Tingkat kerentanan adalah suatu hal penting untuk diketahui sebagai salah satu faktor yang berpengaruh terhadap terjadinya bencana, karena bencana baru akan terjadi bila bahaya terjadi pada kondisi yang rentan (BAKORNAS PB 2007). Tingkat kerentanan dapat ditinjau dari kerentanan fisik (infrastruktur), sosial dan ekonomi (Carter 1992), seperti diuraikan oleh BAKORNAS PB (2007) sebagai berikut:

1. Kerentanan Fisik yaitu suatu kondisi fisik (infrastruktur) yang rawan terhadap faktor bahaya tertentu. Kondisi kerentanan ini dapat dilihat dari berbagai indikator seperti: persentase kawasan terbangun, kepadatan

bangunan, persentase bangunan konstruksi darurat, jaringan listrik, rasio panjang jalan, jaringan telekomunikasi, jaringan PDAM, jalan KA, dll. 2. Kerentanan sosial yaitu suatu kondisi tingkat kerapuhan sosial dalam

menghadapi bahaya. Beberapa indikator kerentanan sosial yaitu kepadatan penduduk, laju pertumbuhan penduduk, persentase usia tua- balita dan penduduk wanita.

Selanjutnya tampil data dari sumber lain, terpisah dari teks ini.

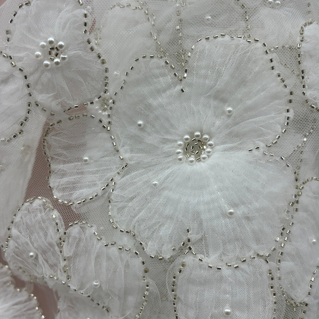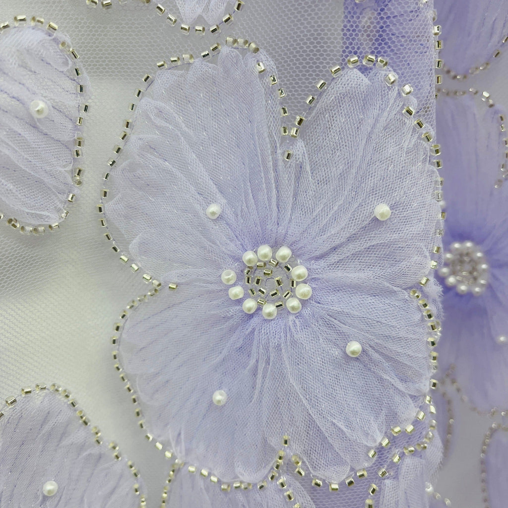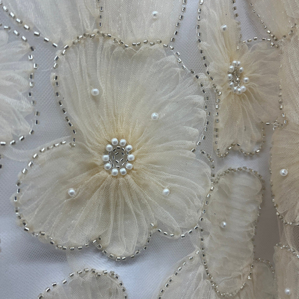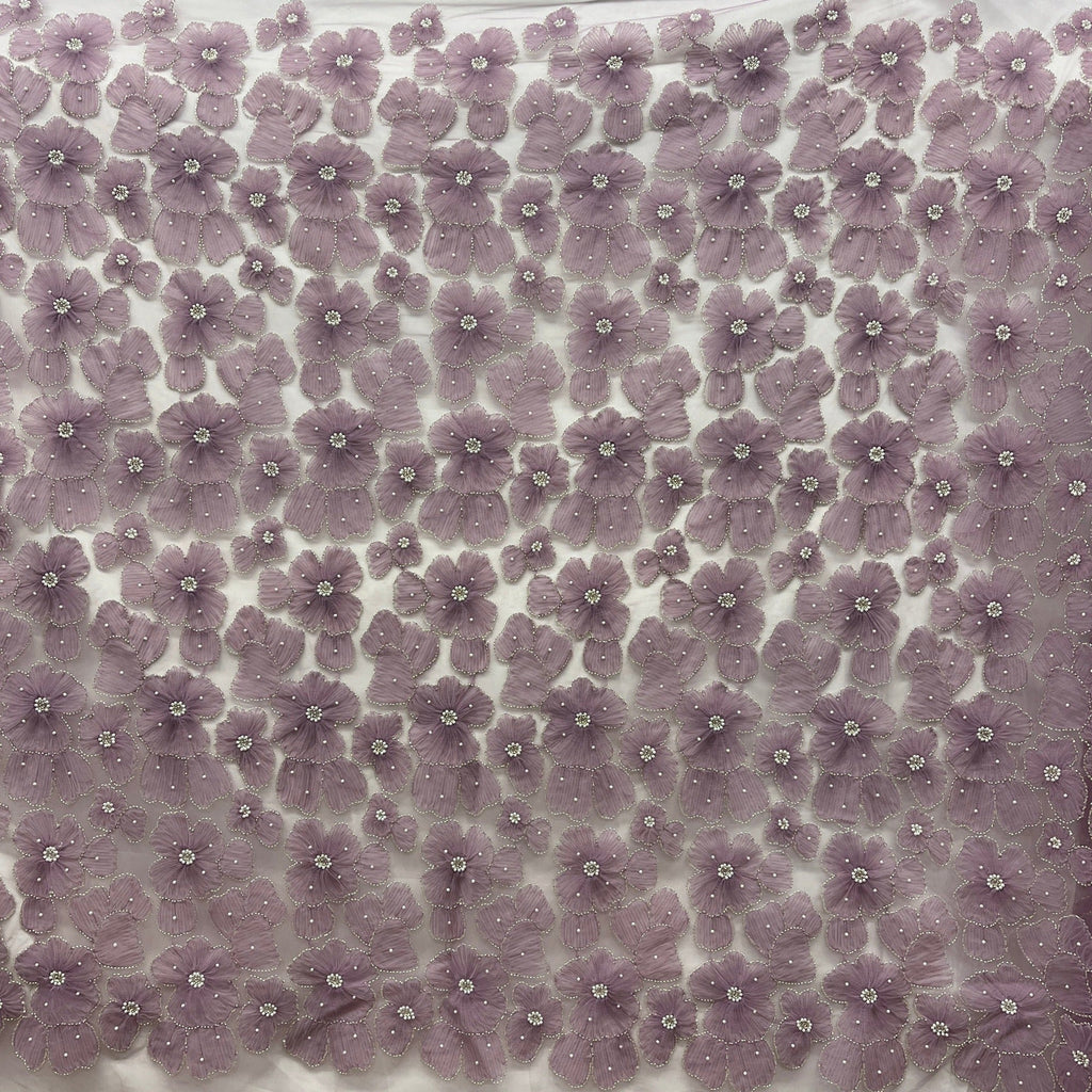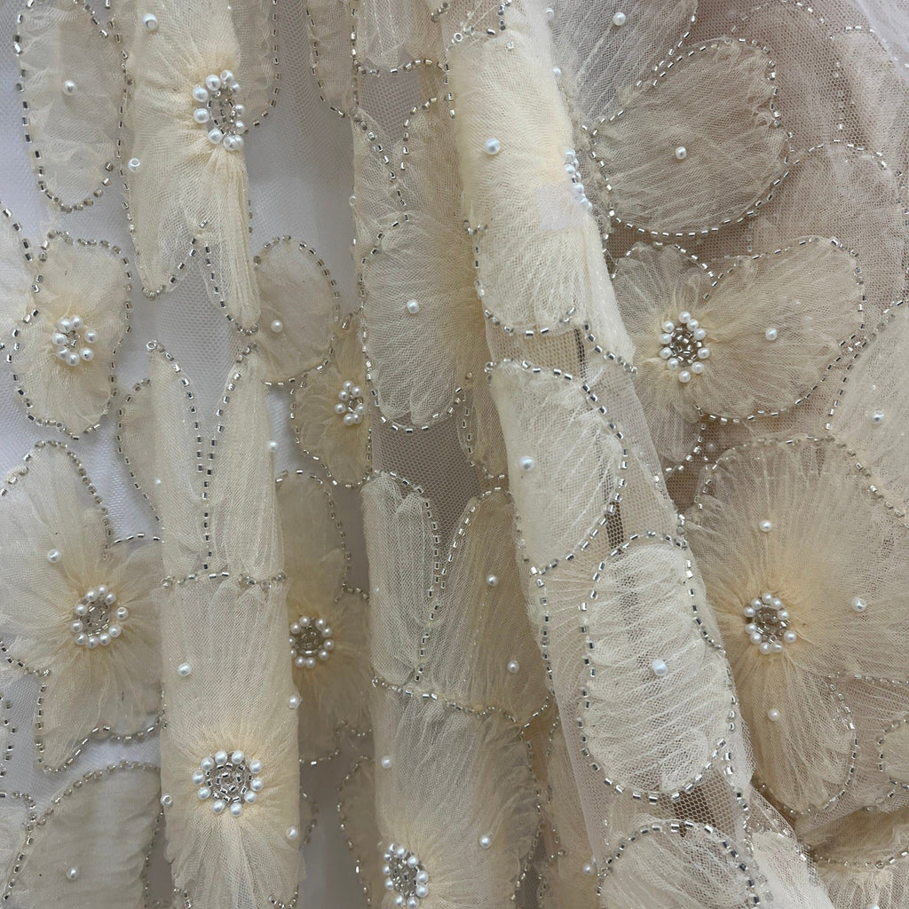 Beaded 3D Floral Lace Fabric Embroidered on 100% Polyester Net Mesh | Lace USA - GD-216

3. Kerentanan ekonomi yaitu suatu kondisi tingkat kerapuhan ekonomi dalam menghadapi ancaman bahaya. Beberapa indikator kerentanan ekonomi yaitu persentase rumah tangga yang bekerja di sektor rentan terhadap PHK dan persentase rumah tangga miskin.

Eksposur/Keterpaparan (Eksposure)

Eksposur didefinisikan oleh Adger (2006) sebagai derajat, durasi atau tingkat dimana sistem mengalami kontak atau terkena gangguan. Sedangkan menurut Barus (2011) eksposur adalah nilai atau tingkat kerugian atau kerusakan suatu komponen akibat adanya suatu proses. Menurut Davidson dan Shah (1997) eksposur merupakan komponen dari risiko. Betapa pun besarnya suatu bahaya tidak ada artinya tanpa eksposur populasi dan infrastruktur karena tidak ada kerusakan ataupun kerugian yang dialami sehingga seberapa besar eksposur sebesar itu pula risiko. Komponen eksposur terdiri dari populasi, ekonomi, fisik infrastruktur dan sosial-politik. Beberapa disiplin ilmu juga menyertakan konsep eksposur mengacu terutama pada aspek fisik kerentanan atau merupakan bagian dari konsep kerentanan (Baas et al. 2008).